Business writing is all about clarity and plain English. At least it is if you’re to believe most of the books on the subject. Saying what you mean and meaning what you say seems to be the ultimate aim according to most how to guides and training courses. All of which is fine – if a little limited. I’m not the first to point out that aspiring to write plain English isn’t terribly ambitious. Surely we should be aiming to write colourful English at work; to entertain and inspire, not just explain?
Red Smith, the 1940s journalist, had his own views on lining up letters. “Writing is easy”, he said, “just open a vein and bleed. ” That is the antithesis of just aiming for plain speaking and clear thinking. That view seems to suggest that writing is confessional; that it should have an emotional and visceral power and be about feeling and insight, rather than prepositions and participles.
In truth, most commercial writing is fairly bloodless. But that’s why it’s so important to inject some feeling into your writing and to collect your own personal library of headlines, articles, blogs and posts that move people. Raw, open, honest and emotionally charged non-fiction can inspire us about the power of language in a way that no example of plain English ever can.
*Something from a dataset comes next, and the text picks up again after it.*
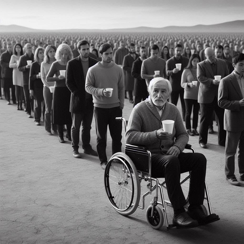 I was in a place with lots of people. I see myself sitting in a wheelchair and I see that someone is giving people water to drink as they are standing in a queue.
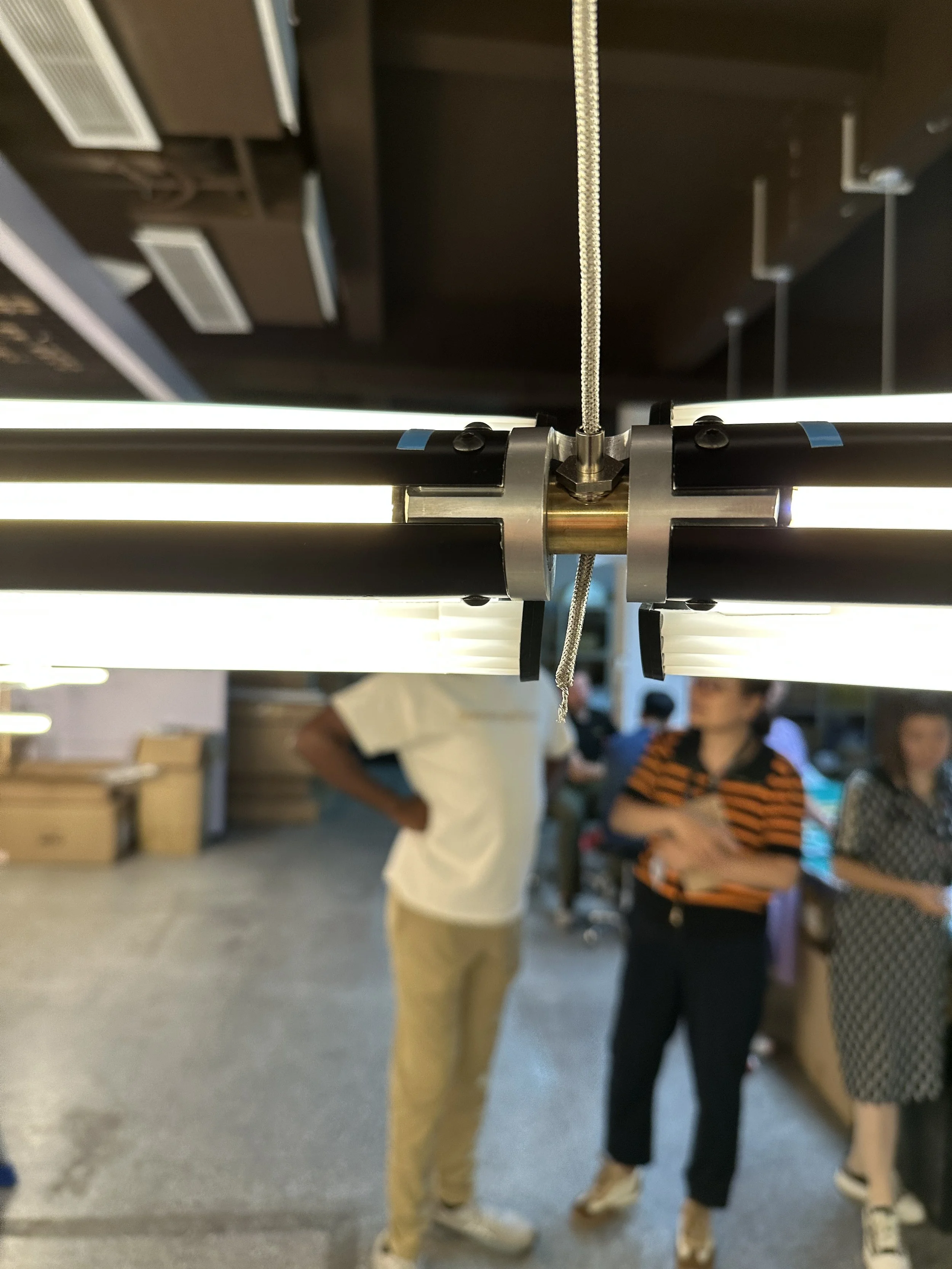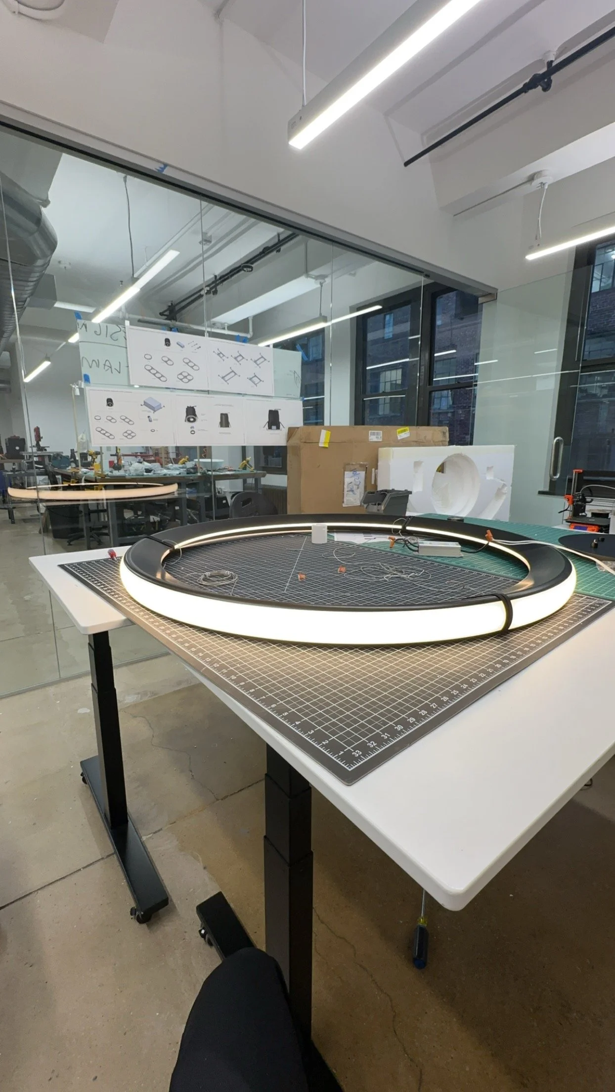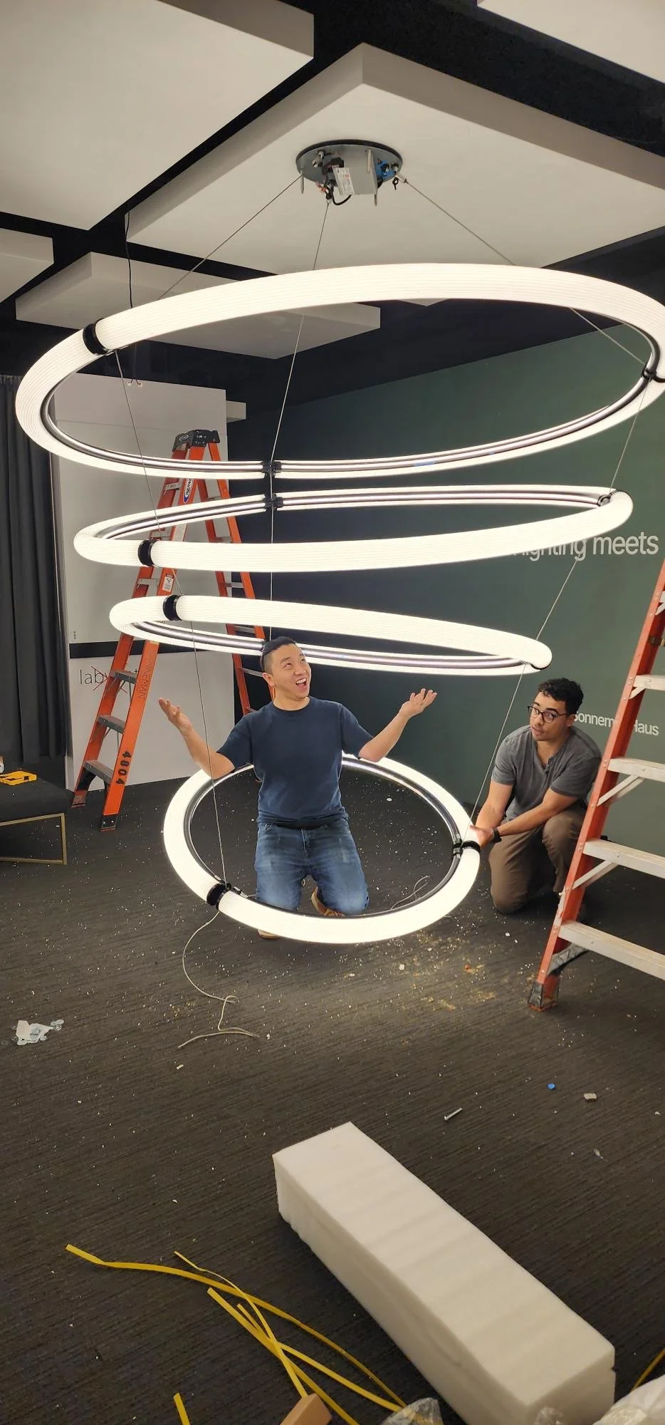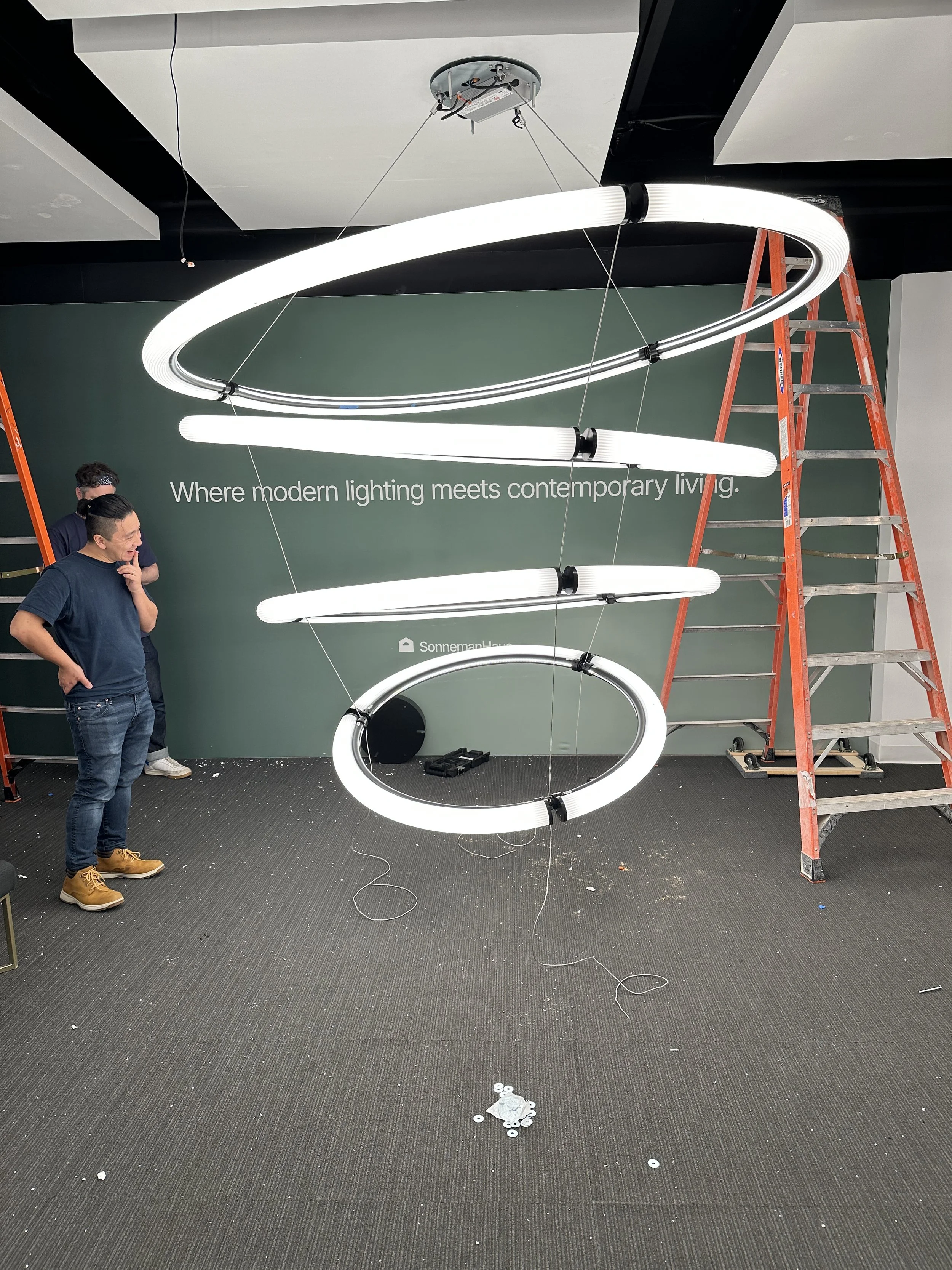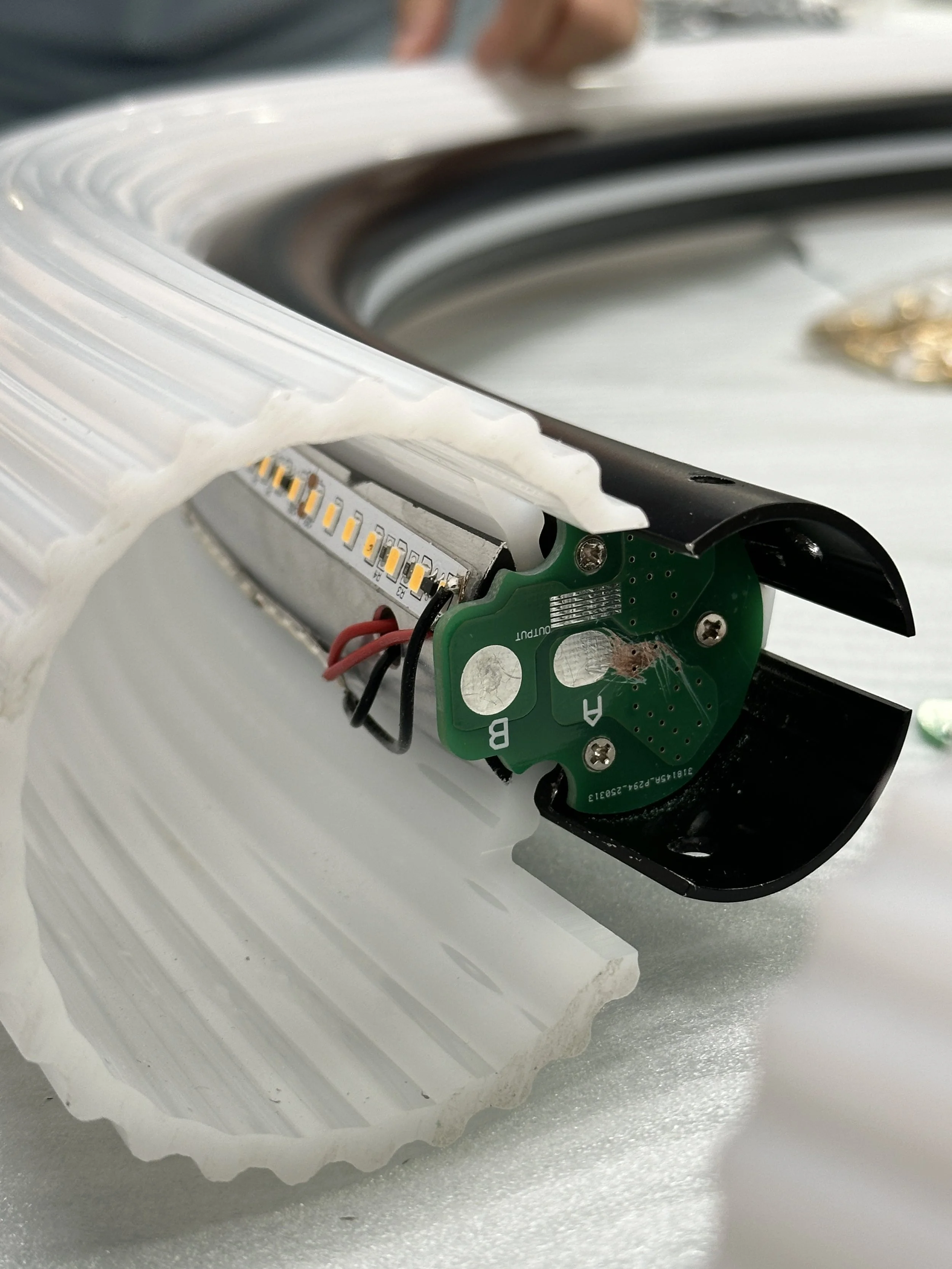 When I started at Sonneman, I was given a white goose chase of a project. Essentially, I was told to make an 8 foot ring with no power cables, and with rotating connectors that allowed the luminaires to be hung seamlessly at any angle. I completed this task in 2 weeks using Solidworks. No one thought the design would work, and so we went to the first prototype phase. After proving some mechanical concepts through 3D printing, we sent the design off to China. After many months, we received our first pass. We actually ended up re-making the whole thing because the designers did not like how it looked. Didn’t matter. We re-designed the body and chassis of the luminaire to ensure it fit the aesthetic requirements. After the re-design we started to find so many problems with the construction that required very creative solutions. They are as follows:

I’ve been prepping for a copywriting training session, looking for examples of inspiring non-fictional writing and I came across this from Caitlin Moran. It’s wonderfully written and clearly fits the description of a writer bleeding. The words we use at work will never be this raw or this bruising, but surely examples such as this suggest that good writing in any context has to do more than merely avoid stacked modifiers and dangling participles?